— Да. Намного опаснее.
— Не мучай меня! Говори!
— Елизавета покалечила ногу, падая. Это верно. Но падает она весьма часто. Ничего не помнит при этом.
— Как так? О мадонна! Неужто?
— Да. Она страдает падучей. И вроде бы с детских лет.
— Как же так? И никто об этом не знал? Ни король? Ни Мацеёвский?
— Выходит, никто. Катрин клянется, что даже Марсупин узнал о болезни королевы только сейчас.
— Марсупин лжет! — гневно вскричала королева. — А ты не зови ее польской королевой!
Больна… С детских лет. О боже! Чем я провинилась, за что ты меня так караешь?
— Это не вина вашего величества, что…
— Разумеется. Не моя. Могу даже насмехаться, поиздеваться! Вот тебе и на! Сам канцлер выбирал из множества принцесс и королевских дочерей самую представительную, самую знатную в Европе, близкую нам по крови, внушавшую надежды, что станет матерью многих королей. И кого же он выбрал? О боже! Эпилептичку!
— Это супружество можно объявить недействительным, ежели оно не свершится…
— Разумеется. Но кто поручится, что она всегда будет падать в обморок в опочивальне? В конце концов, можно привыкнуть и к мужу. Что тогда? О боже! Через год в серебряной колыбельке…
Нет, подумать страшно, но, увы, возможно. В припадке наследственной болезни будет биться ее сын!

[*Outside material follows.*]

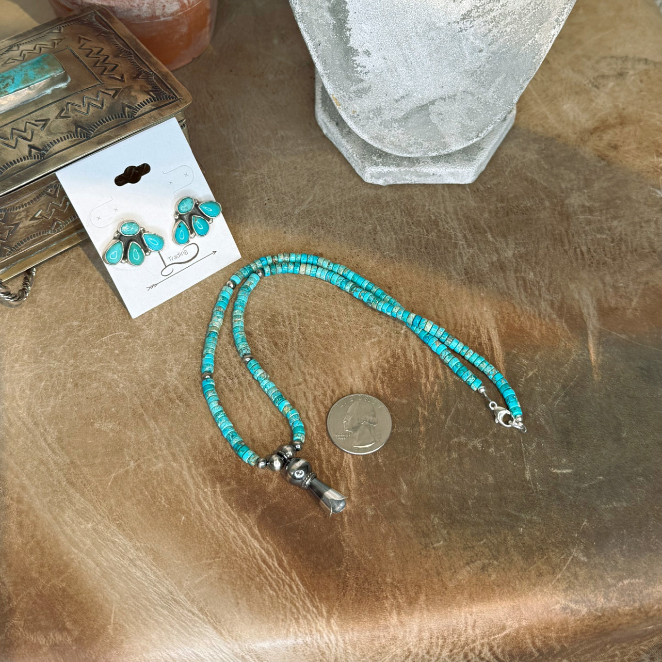 Turquoise & Sterling Silver Squash Blossom Necklace ~ That Perfect touch of color for everyday wear. Makes a Great Stack too! ~Shown with our Pequena Turquoise Cluster Earrings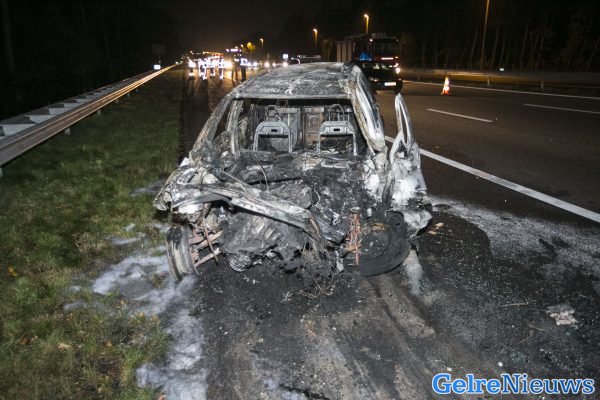 Het ongeval gebeurde omstreeks 21.00 uur op het traject van Utrecht richting Arnhem, ter hoogte van de afslag naar Oosterbeek. Een 46-jarige man uit Vaassen botste door nog onbekende oorzaak achterop een vrachtwagen, bestuurd door een 19-jarige man uit Oss. Door de botsing vloog de auto van de Vaassenaar gelijk in brand. Ook was de auto door de klap vastgeraakt aan de vrachtwagen.

— Санта Мадонна! — вздохнула Марина.
— Ты хорошо знаешь, что может случиться и такое! И это было бы еще большим несчастьем…
— Молодой король суеверен. Можно внушить ему мысль, что в Елизавету вселился злой дух.
— Бесноватая? Одержимая? Великий боже! — Королева истерически рассмеялась. — Это звучит очень смешно. Вчера Фрич Моджевский озадачил нас рассказом об открытии Коперника. Этот астроном утверждает, будто не Солнце кружится по небу, а Земля. Что наши глаза заблуждаются, видя его восходы и заходы. Солнце неподвижно и является центром мира. Невероятно, но факт… А ты! О боже! Ты хочешь, чтобы в год такого поразительного открытия мой сын еще веровал в старосветского черта? В злых духов?
— Он повелел ежедневно составлять для него гороскопы, — ответила она, смутившись. — Он поверит во все, что изрекут звезды.
— Копернику звезды поведали то, что не предчувствовал ни один астролог. Ведь так?
— Этого я не знаю. Но стоит поворожить.
— Хорошо. Попробовать стоит. Открой окно. Голова у меня болит, — добавила Бона, подходя к окну. — Уже нет Луны над замком? Зашла? Санта Мадонна! А может, неправда и то, что Луна движется? Может, это наша Земля вращается вокруг Луны?
— А ежели так?
— Ежели так, то, быть может, все то, что я учинила и к чему стремлюсь, всего лишь призрак?
Ошибка? Ужасная ошибка?
— Всемилостивая госпожа. Болезнь Елизаветы не ошибка…
— Да, да. Знаю. Я должна подумать. Собраться с мыслями… Я не могу сейчас говорить ни с кем! Ни с кем! Можешь уйти.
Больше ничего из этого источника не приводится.